In addition to continuing to serve aviation, the field became an important drag racing center. From 1950 to 1959, C.J. "Pappy" Hart and Creighton Hunter operated the Santa Ana Drag Strip, credited for being the world's first commercial drag strip, on the airport runway every Sunday, when it was closed to air traffic.

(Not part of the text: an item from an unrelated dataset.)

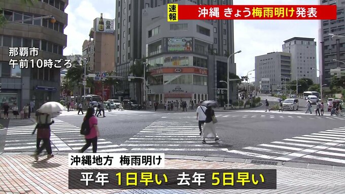 気象庁は先ほど、沖縄地方が「梅雨明けしたとみられる」と発表しました。一方、九州南部では線状降水帯が発生するおそれが高まっています。沖縄では、けさから夏空が広がり、一足はやく夏本番を迎えました。平年並…

The original single runway was 4800 ft long, on a magnetic heading of 210 degrees (Runway 21) and 30 degrees (Runway 3). In 1964 the airport was rebuilt, with its present two parallel runway configuration, oriented 190/10 degrees magnetic. The longer runway, 19R (now 20R), at 5701 ft, is only 901 ft longer than the old Runway 21 but long enough to accommodate jet airliners. A full instrument landing system (ILS) was also installed.

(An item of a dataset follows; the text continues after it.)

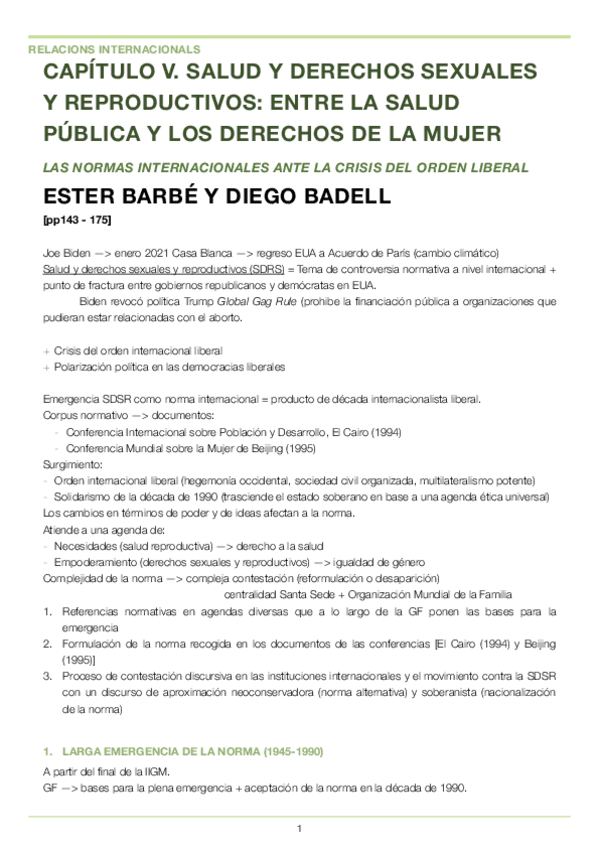 Resumen de la lectura obligatoria del seminario sobre salud y derechos sexuales y reproductivos.

In the 1950s, the only airline flights were Bonanza's few flights between Los Angeles and Phoenix, via San Diego. In 1963 Bonanza started nonstop F27s to Phoenix, and to Las Vegas in 1965; in 1967 Air California started Electra nonstops to San Francisco, 48 flights a week each way. The first scheduled jet flights were Bonanza DC-9s later in 1967. From 1967 through 1980, Air California (later renamed AirCal) and Bonanza and its successors, Air West and Hughes Airwest, had a duopoly at the airport, until the FAA ruled this illegal.

In 1967, the 22000 sqft Eddie Martin Terminal, designed by William L. Pereira & Associates, was built to accommodate 400,000 annual passengers. Remodeling added two passenger holding areas in 1974, a new baggage claim area in 1980 and a terminal annex building in 1982, bringing the facility to 29000 sqft.

Nonstop flights reached Salt Lake City in 1976–77 (Hughes DC-9s), Denver in 1982 (Frontier MD-80s), Dallas/Fort Worth in 1983 (American MD-80s), Chicago–O'Hare in 1986 (AirCal 737-300s), and New York–Kennedy in 1991 (America West 757-200s).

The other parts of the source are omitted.